Companies using Apple Business Chat will find that unlike competing platforms Facebook Business Messenger, WhatsApp, WeChat, Line and Kakao Talk, the Apple service is "baked into the surrounding operating system," said Keith Dawson, principal analyst for customer experience and commerce with 451 Research.

"It means that for anyone who's not an Android user, it's ever present on their device as a contact mode," Dawson said. Rivals, on the other hand, will have the additional hurdle of convincing consumers to download their apps.

Apple Business Chat

Apple Business Chat release could accelerate a restructuring of contact centers

In a 2017 survey by Nemertes Research, based in Mokena, Ill., 27% of 225 participating companies said they planned to support social messaging services like WhatsApp, Facebook Business Messenger and Apple Business Chat as customer engagement channels.

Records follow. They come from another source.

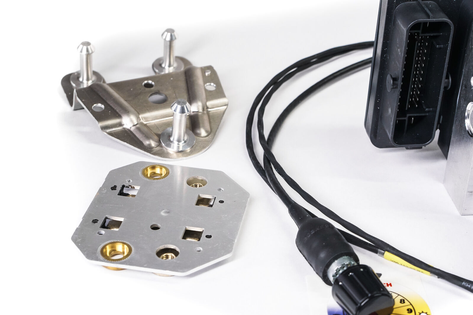 - Kit includes: ABS unit, M/C pressure sensors, Malfunction lamp, Map selection switch, Accel/Yaw rate sensor and mounting plate, Wheel speed sensors/extensions and vehicle wiring harness, M/C brake pipes, ABS unit mounting bracket, Circuit breakers with mouting plate,
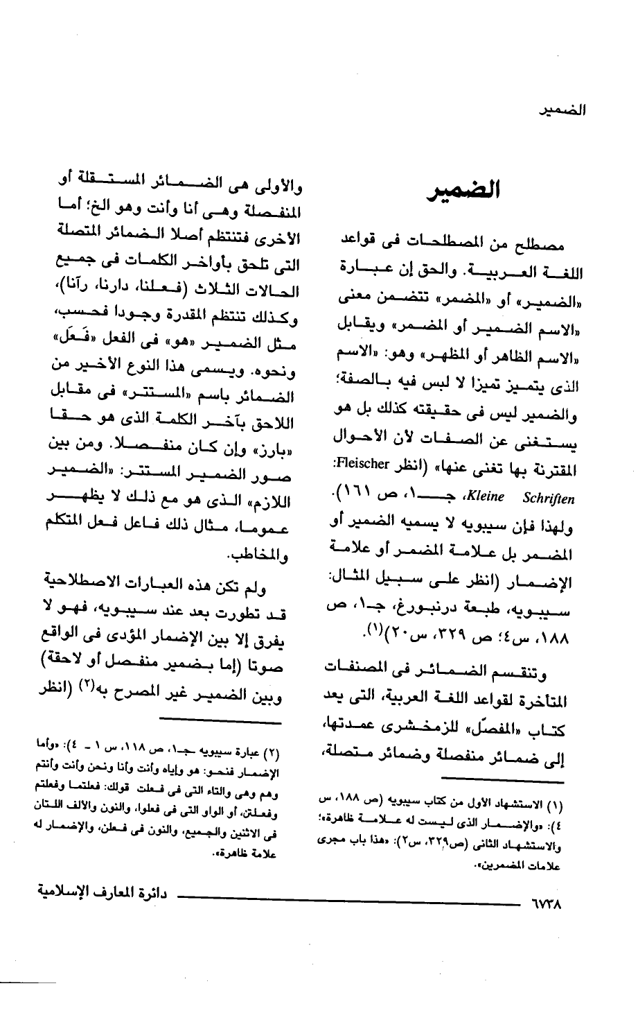 ولهذا فإن سيبويه لا يسميه الضمير أو المضمر بل علامة المضمر أو علامة الإضهمار (انظر على سبيل المثال: سيبويه، طبعة درنبورغ، جـ 1، ص 188، س 4؛ ص 329، س 20) (¬1).
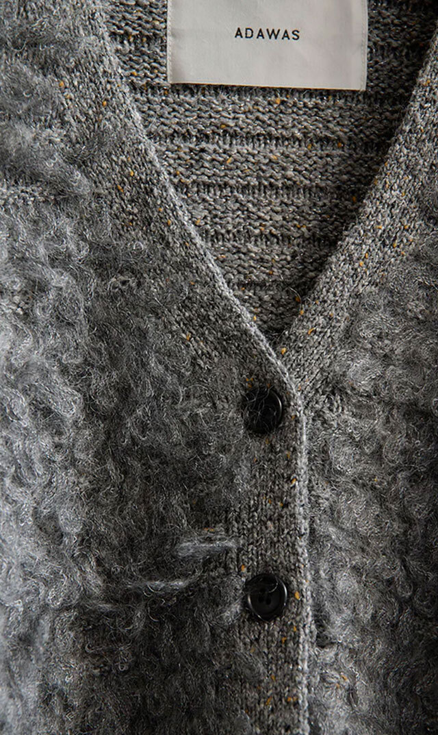 ・ツイードヤーンとキッドモヘヤのループ編みを組み合わせた、表情豊かな素材。
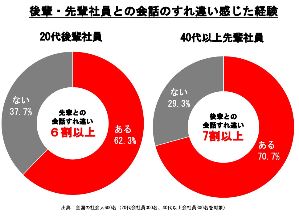 「20代の後輩社員と40代以上の先輩社員がお互いに会話のすれ違いを感じたことがあるか?」という質問を行ったところ、20代の後輩社員では62.3%が「ある」と回答し、40代以上の先輩社員では70.7%が「ある」と答えました。先輩社員の方が若干高い割合で会話のすれ違いを感じていることが明らかになりました。
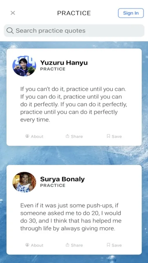 Motivational quotes from famous figure skaters about skating. Save your favorite quotes in the app, so that you can reference them when you need some motivation on and off the ice.

"So, I see the Apple announcement as a positive development, as companies look for new ways to engage with customers, especially among a younger demographic that is more reliant on their cellphone than a traditional web browser for shopping," said Nemertes analyst Irwin Lazar.

Social media and chat apps are contributing to a "fundamental rethinking of how businesses engage with customers," Dawson said. Contact centers are beginning to work more closely with marketing and sales teams to make sure the company is taking advantage of the customer connections these platforms offer.

The standout connection Apple has with its customers is Apple Pay

"If Apple didn't have Apple Pay, [Business Chat] wouldn't be as interesting, because that's one of the things that the contact-center experience can't deliver as seamlessly," Arnold said.

An interaction initiated by a customer asking a question could end with a product sale, facilitated by an Apple Pay thumbprint within the iMessage chat. This should motivate companies to invest more in their contact centers, which have the potential to become revenue-generators.

Nevertheless, Apple and other chat platform providers will have to show a solid return on investment before contact centers deploy the technology broadly.

"The last thing contact centers want to do is have to jump for the next shiny ball and just try the next thing that comes along," Arnold said. "They can only handle so many platforms in the business, and they can only adapt to so many new things at a time."